Je considérais ce type comme un gamin. Seulement un an et demi de moins que moi, et incapable de contrôler ses pulsions animales. Il venait de le prouver en entrant dans ma chambre.
Pas gêné du tout, il s'assoit sur le lit.
"Ben, c'était pour te dire qu'on mange."
"Je dois prendre ça pour une excuse ?" Je crie presque.

Il me regarde, les yeux grands ouverts, la tête un peu penchée sur le côté. Il a l'air étonné. Tout simplement étonné.

Je regarde dans le grand miroir, au dessus du lit. J'y vois un gringalet avec des dreads blondes, face à une nana en serviette complètement trempée. "Merde, me dis-je. Dans l'histoire, c'est pas lui qui a l'air le plus niais".

Je décide de faire comme chez moi... puisque contrairement aux apparences, j'étais bel et bien dans ma chambre. J'ouvre l'armoire, prend les premières fringues qui me tombent sous la main, les balance sur le lit. Tom se contente d'observer ce qui attérit près de lui, de toucher les tissus :
"Hey, c'est du luxe tout ça !"

C'est la remarque de trop. Je m'habille avec de grandes marques, parce que je dois faire bonne figure. Bien-sûr, ce n'est pas une corvée, mais je déteste qu'on me prenne pour une pin-up accro à Yves Saint Laurent et Chanel. Je change de sujet, d'office.
"En même temps, j'aurais pû deviner, à 20 heures passées, que je devais descendre manger. Mais merci quand même !" lui lançai-je en lui reprenant les vêtements des mains, signe que je voulais m'habiller seule.

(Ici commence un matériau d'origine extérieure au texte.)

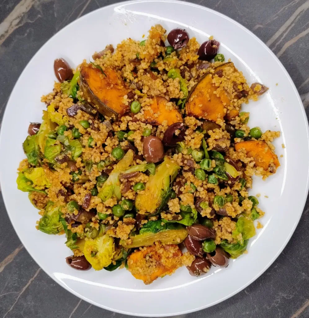 - Trascorso il tempo sgrana il cous cous con una forchetta, e unisci alle verdure e condisci con le olive taggiasche a crudo.
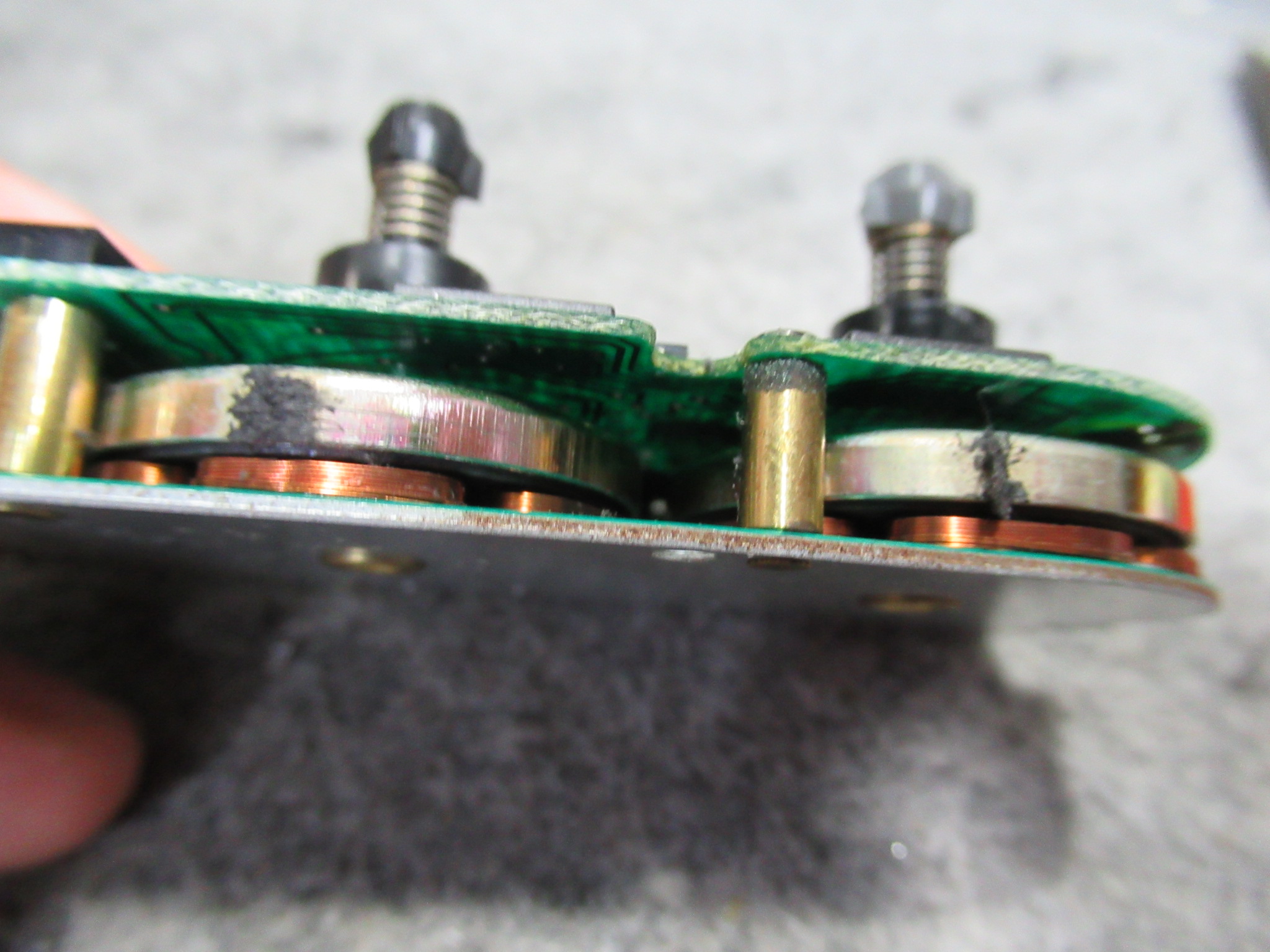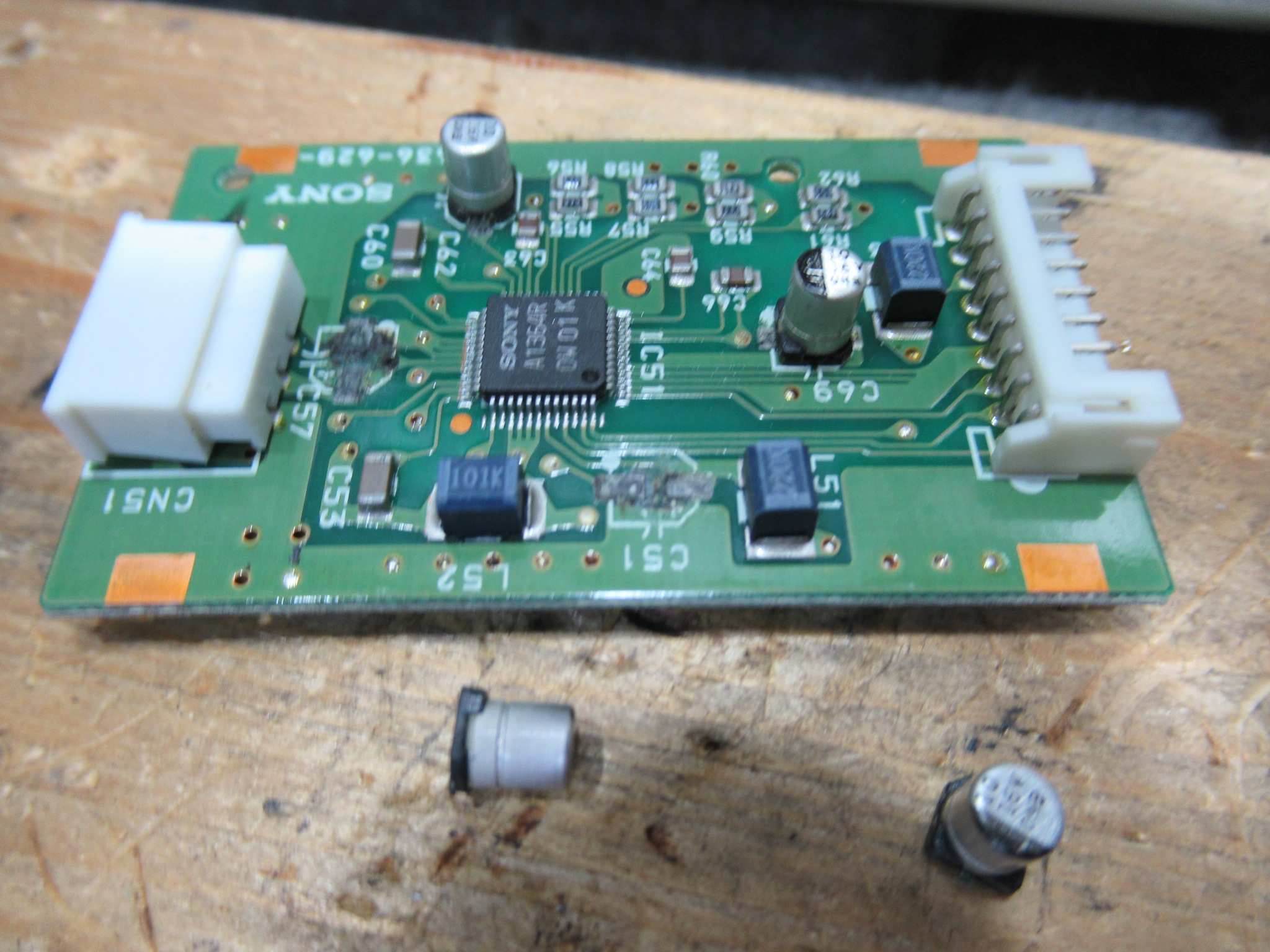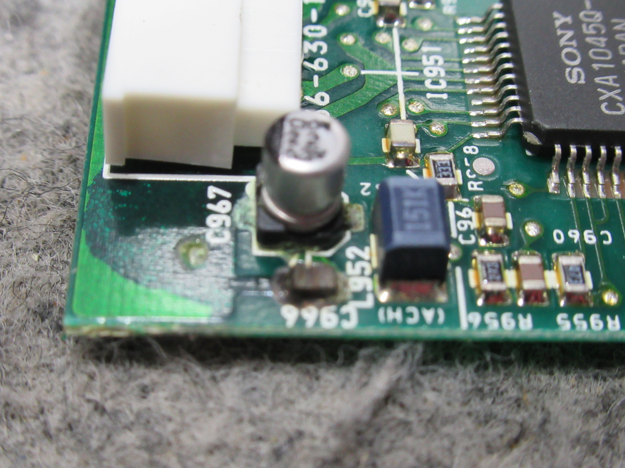 こちらは「再生または録音」用です。電解コンデンサーの端子が液漏れで腐食しています。
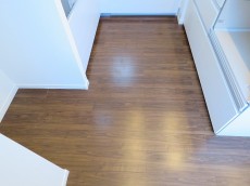 玄関をあがると廊下が左方向へまっすぐのびています。廊下はダークブラウンの木目調、建具は白っぽい色合いの木目調。落ち着いた雰囲気です。玄関側から順番にご紹介いたします。
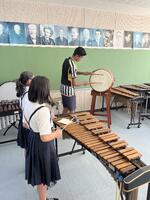 昼休みには、音楽室で鼻ぐり井手祭に向けて練習している4年生と合流し、和太鼓に興味を持って叩いていた生徒さんの姿もありました。
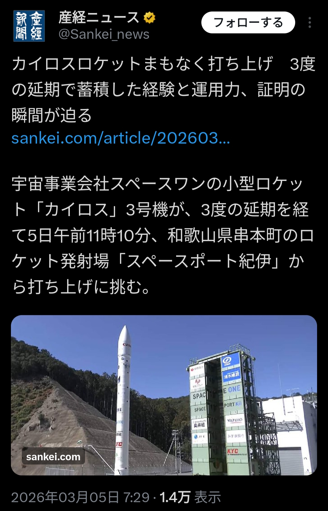 | … | 12無題Name名無し 26/03/01(日)12:57:57No.784163+和歌山のロケットは天候問題で延期かぁ |
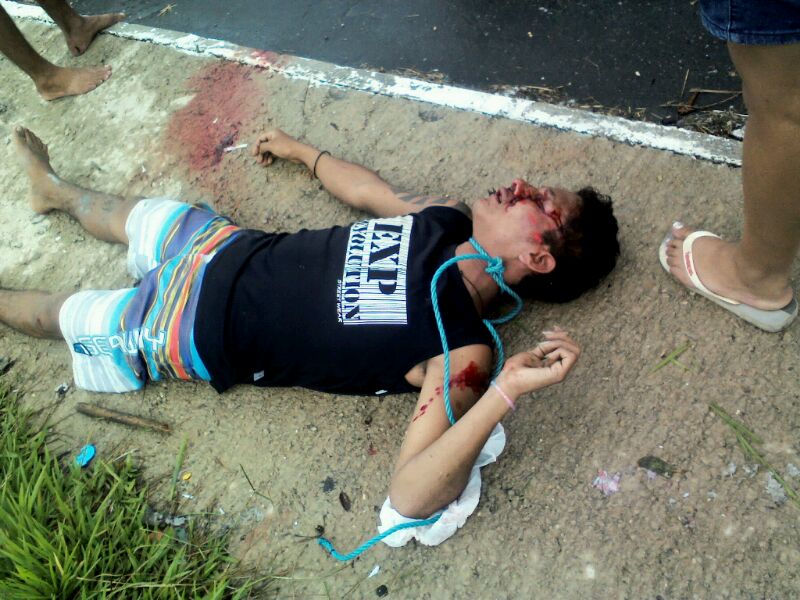 Ao tentar atacar um dos moradores, o jovem abaixo teve de experimentar a fúria de um conjunto inteiro cansado da 'gaiatice'.

Il se relève, remonte son baggy. Je dois rétorquer quelque chose, au risque de passer pour une simplette.
"Tu peux parler de mon top ! Ton pantalon doit dépasser le prix de tous mes sous-vêtements réunis !" dis-je avec un sourire, qui s'estompa très vite.
C'était une boulette. L'exemple était mal choisi. Très mal. La preuve, il sourit.

Il décide enfin de marcher jusqu'à la porte, mais avant de la passer il se retourne, et m'inflige une dernière humiliation : il me reluque de bas en haut.

Dépitée, je m'assoit sur le lit. En temps normal, les gars qui viennent dans cette chambre ne me ridiculisent pas avec leur seul sourire. Il y passent la nuit, puis disparaissent sans laisser de trace... ni de numéro.
Avec Tom, c'est différent. Il n'y a passé que 5 minutes, et pourtant j'ai toujours dans l'esprit son visage, sa voix, son odeur... Il faut que je me reprenne. D'autant plus qu'il n'est pas comme les autres : il est pire, d'après les rumeurs.

Un quart d'heure après, je me retrouve dans le salon. Je ne sais pas comment mes jambes m'ont porté jusque là. Je ne sais pas non plus pourquoi il me met dans un tel état. Je ne comprend plus rien, mais je me rappelle d'une chose : faire bonne figure. D'habitude c'est pas si dur : j'aime sourire aux gens, rire et faire rire. Mais là, je suis plutôt du genre crispée.

En m'approchant de la table, je regarde qui y est assis : c'est vite vu, il y a les Tokio Hotel, et mon équipe, qui m'a gentiment laissé une dernière place en face de Tom. En m'asseyant, je me demande si c'est un cauchemar.

Et puis il me sourit, et je change d'avis. Ce n'est pas un sourire moqueur, c'est un sourire qui fait voyager. Un sourire tendre, réconfortant. Un sourire tout simplement sympa, sur un visage d'ange.

Je me joins à la discussion : on parle voyages, sport, hôtels... On parle, et surtout on rit. Tom me regarde souvent, mais je me dis que c'est tout simplement parce qu'il est en face de moi. La salle est comble : les gens nous saluent, certains jouent au billard, d'autres ont les yeux rivés sur l'écran plat de la télé qui rediffuse les épreuves majeures d'une compétition de dressage.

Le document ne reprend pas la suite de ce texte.